- [DESCRIPTION OF THE TASK]
Below this line is the material. Write out only its lines from the one containing "GÖTTINGEN 1 /" through the one containing "活動中,廣大干部職工共同學習", both kept, exactly.

- [SOURCE DATA]
○ ○ ○ ○ ○ ○ ○

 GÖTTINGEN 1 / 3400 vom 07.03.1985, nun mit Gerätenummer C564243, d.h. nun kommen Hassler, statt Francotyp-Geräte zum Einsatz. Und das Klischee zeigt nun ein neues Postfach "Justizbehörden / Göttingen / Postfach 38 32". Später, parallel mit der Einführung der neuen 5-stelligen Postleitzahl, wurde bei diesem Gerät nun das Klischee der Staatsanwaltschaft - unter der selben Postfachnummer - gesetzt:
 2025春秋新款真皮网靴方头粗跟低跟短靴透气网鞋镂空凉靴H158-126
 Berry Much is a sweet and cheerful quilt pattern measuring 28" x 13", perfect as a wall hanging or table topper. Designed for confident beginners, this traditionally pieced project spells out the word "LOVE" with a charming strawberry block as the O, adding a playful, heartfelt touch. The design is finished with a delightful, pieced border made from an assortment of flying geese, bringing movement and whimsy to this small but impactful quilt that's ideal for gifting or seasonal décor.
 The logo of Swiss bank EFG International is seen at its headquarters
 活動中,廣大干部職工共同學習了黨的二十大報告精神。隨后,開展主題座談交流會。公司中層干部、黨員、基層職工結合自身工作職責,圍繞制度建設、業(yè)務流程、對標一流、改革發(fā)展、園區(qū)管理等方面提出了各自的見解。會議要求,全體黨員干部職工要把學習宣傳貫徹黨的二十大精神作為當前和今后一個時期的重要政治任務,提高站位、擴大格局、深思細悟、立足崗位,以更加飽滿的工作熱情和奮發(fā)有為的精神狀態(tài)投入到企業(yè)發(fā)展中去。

○ ○ ○ ○ ○ ○ ○

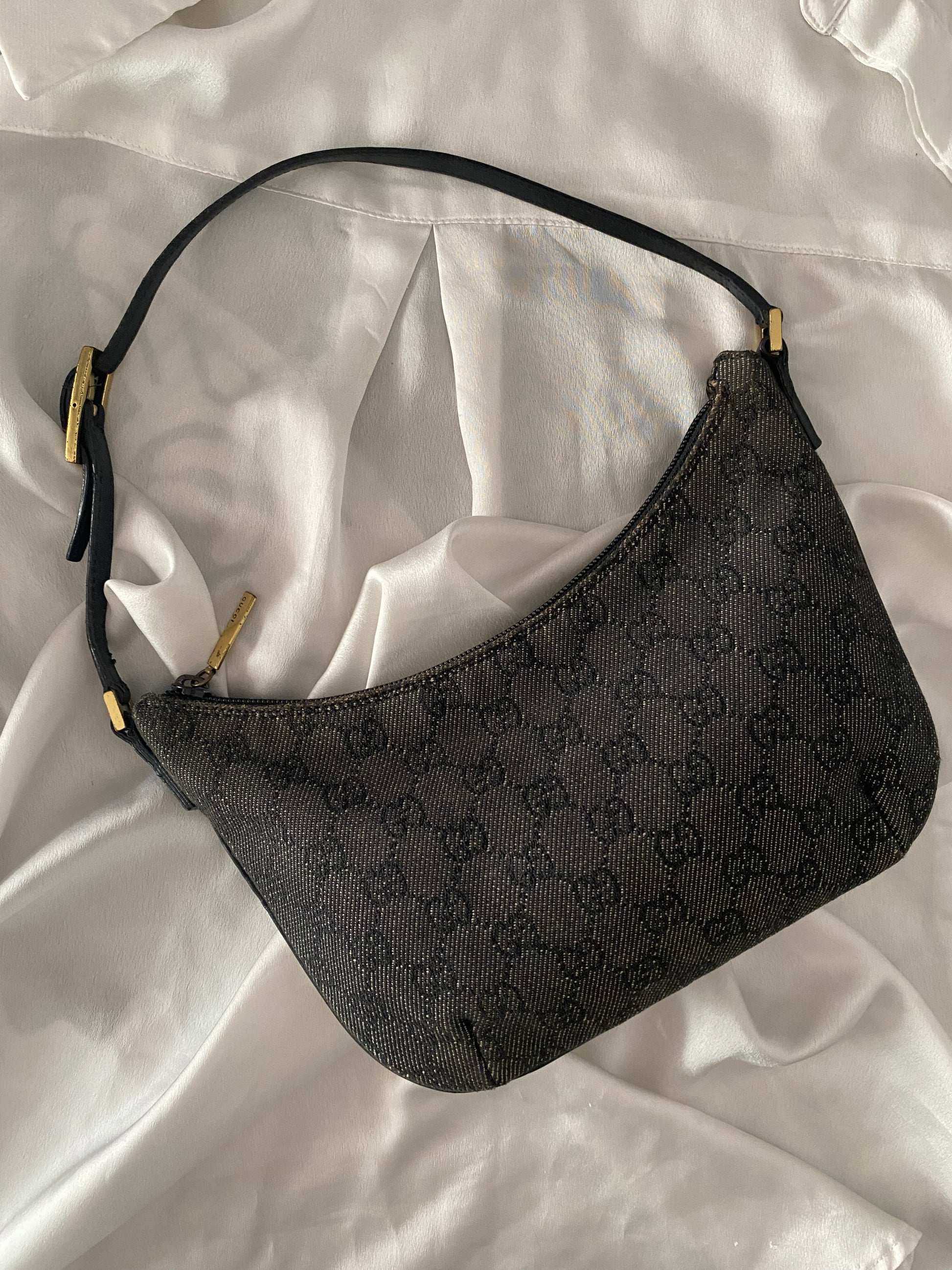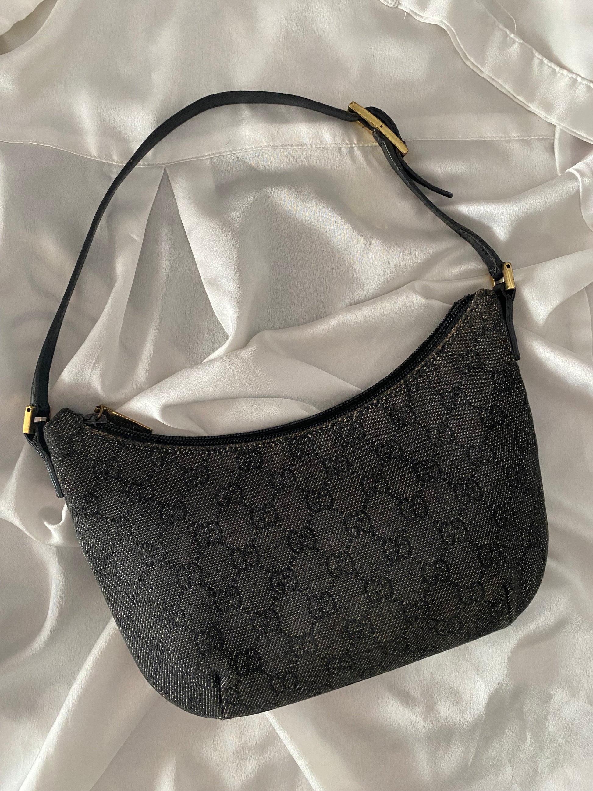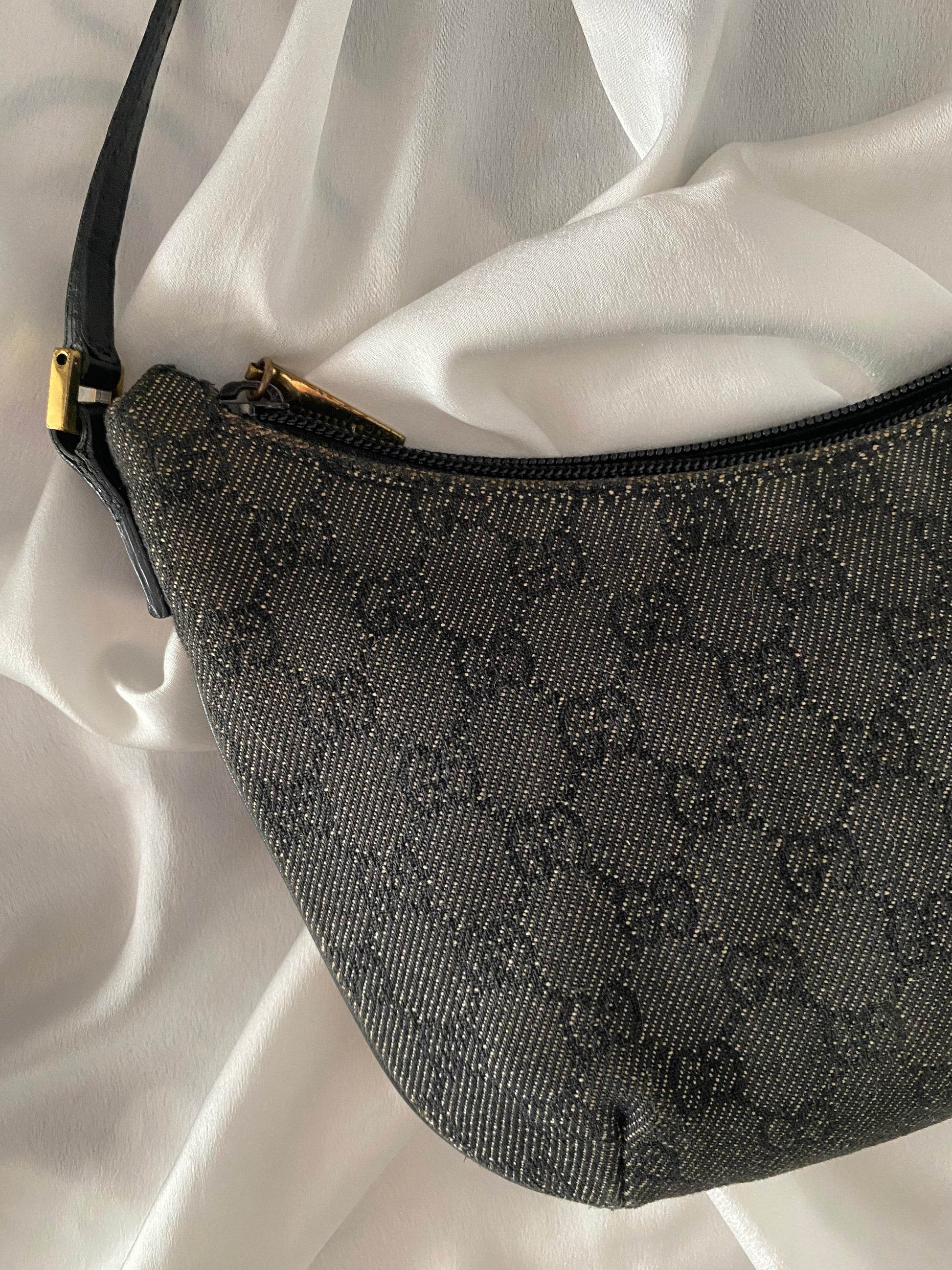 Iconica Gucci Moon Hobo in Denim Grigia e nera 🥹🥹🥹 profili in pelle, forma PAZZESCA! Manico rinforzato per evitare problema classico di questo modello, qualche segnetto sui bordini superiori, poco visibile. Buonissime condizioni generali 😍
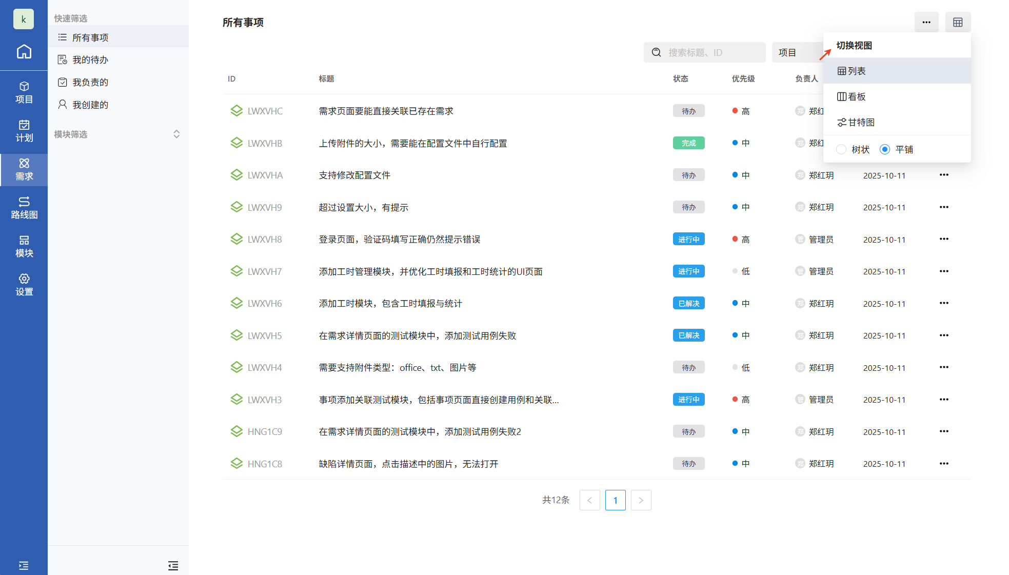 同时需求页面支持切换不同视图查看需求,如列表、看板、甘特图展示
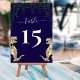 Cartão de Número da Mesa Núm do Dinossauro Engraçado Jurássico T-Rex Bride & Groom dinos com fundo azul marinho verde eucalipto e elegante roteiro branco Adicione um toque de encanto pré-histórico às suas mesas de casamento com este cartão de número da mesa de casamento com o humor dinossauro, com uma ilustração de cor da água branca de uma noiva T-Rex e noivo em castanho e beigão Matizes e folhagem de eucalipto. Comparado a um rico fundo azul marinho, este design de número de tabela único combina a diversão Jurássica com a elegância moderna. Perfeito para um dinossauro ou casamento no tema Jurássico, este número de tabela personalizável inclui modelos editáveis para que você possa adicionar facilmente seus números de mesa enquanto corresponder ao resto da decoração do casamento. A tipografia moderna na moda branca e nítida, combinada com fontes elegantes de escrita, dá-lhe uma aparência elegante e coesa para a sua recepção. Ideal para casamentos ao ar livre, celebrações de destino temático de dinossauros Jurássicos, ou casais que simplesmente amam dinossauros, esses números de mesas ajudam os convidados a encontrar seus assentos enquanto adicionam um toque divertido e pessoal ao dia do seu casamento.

○ ○ ○ ○ ○ ○ ○

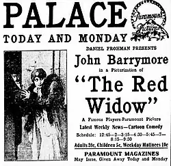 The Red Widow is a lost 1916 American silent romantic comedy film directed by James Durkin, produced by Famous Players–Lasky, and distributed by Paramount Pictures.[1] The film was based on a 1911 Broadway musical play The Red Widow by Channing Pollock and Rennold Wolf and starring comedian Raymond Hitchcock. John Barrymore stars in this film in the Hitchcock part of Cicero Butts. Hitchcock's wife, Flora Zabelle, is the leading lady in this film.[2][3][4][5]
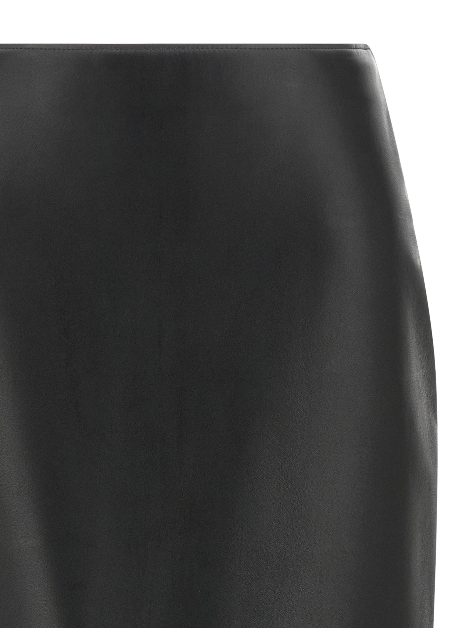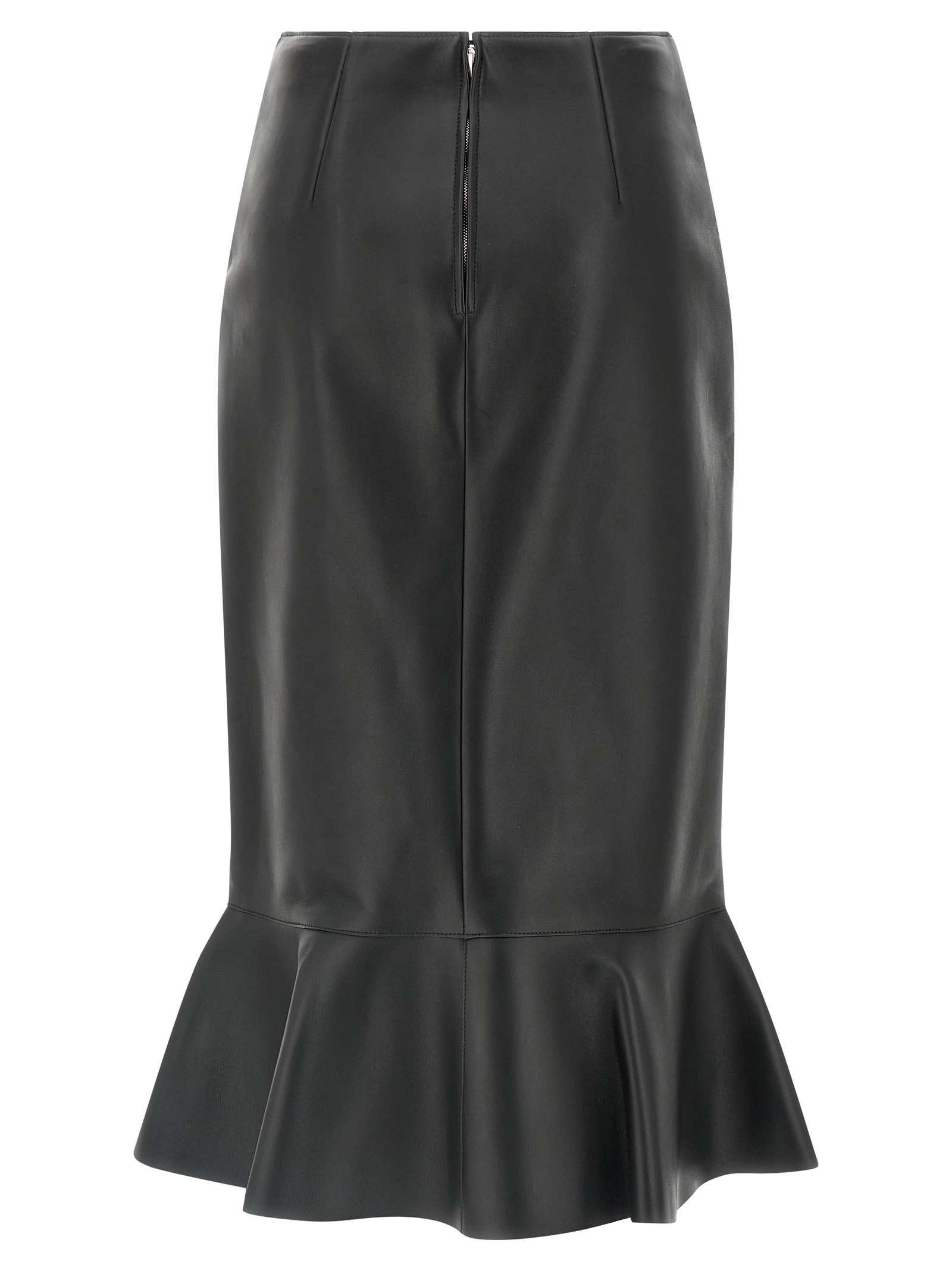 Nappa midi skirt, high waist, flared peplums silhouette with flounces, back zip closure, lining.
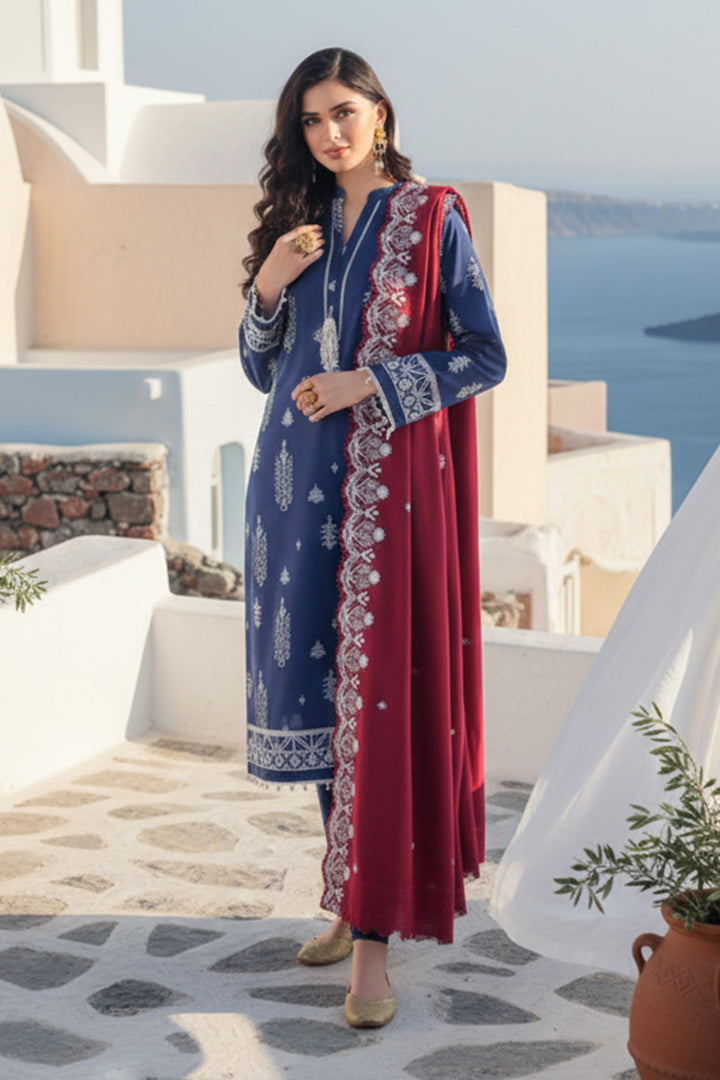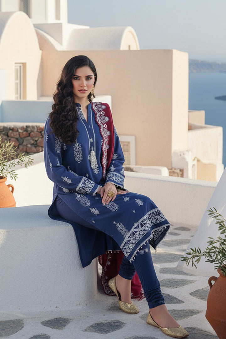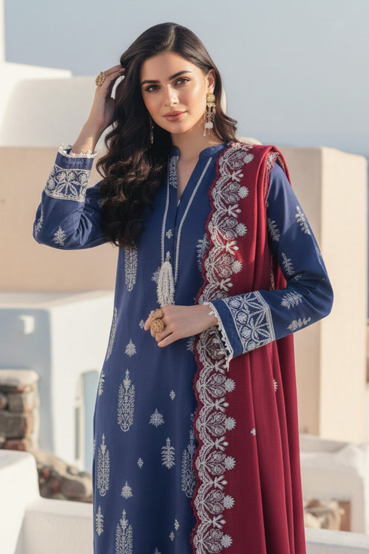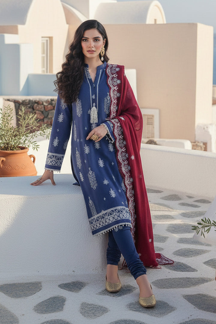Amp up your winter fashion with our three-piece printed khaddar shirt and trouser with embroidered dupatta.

○ ○ ○ ○ ○ ○ ○

- [ANSWER TO THIS TASK]
 GÖTTINGEN 1 / 3400 vom 07.03.1985, nun mit Gerätenummer C564243, d.h. nun kommen Hassler, statt Francotyp-Geräte zum Einsatz. Und das Klischee zeigt nun ein neues Postfach "Justizbehörden / Göttingen / Postfach 38 32". Später, parallel mit der Einführung der neuen 5-stelligen Postleitzahl, wurde bei diesem Gerät nun das Klischee der Staatsanwaltschaft - unter der selben Postfachnummer - gesetzt:
 2025春秋新款真皮网靴方头粗跟低跟短靴透气网鞋镂空凉靴H158-126
 Berry Much is a sweet and cheerful quilt pattern measuring 28" x 13", perfect as a wall hanging or table topper. Designed for confident beginners, this traditionally pieced project spells out the word "LOVE" with a charming strawberry block as the O, adding a playful, heartfelt touch. The design is finished with a delightful, pieced border made from an assortment of flying geese, bringing movement and whimsy to this small but impactful quilt that's ideal for gifting or seasonal décor.
 The logo of Swiss bank EFG International is seen at its headquarters
 活動中,廣大干部職工共同學習了黨的二十大報告精神。隨后,開展主題座談交流會。公司中層干部、黨員、基層職工結合自身工作職責,圍繞制度建設、業(yè)務流程、對標一流、改革發(fā)展、園區(qū)管理等方面提出了各自的見解。會議要求,全體黨員干部職工要把學習宣傳貫徹黨的二十大精神作為當前和今后一個時期的重要政治任務,提高站位、擴大格局、深思細悟、立足崗位,以更加飽滿的工作熱情和奮發(fā)有為的精神狀態(tài)投入到企業(yè)發(fā)展中去。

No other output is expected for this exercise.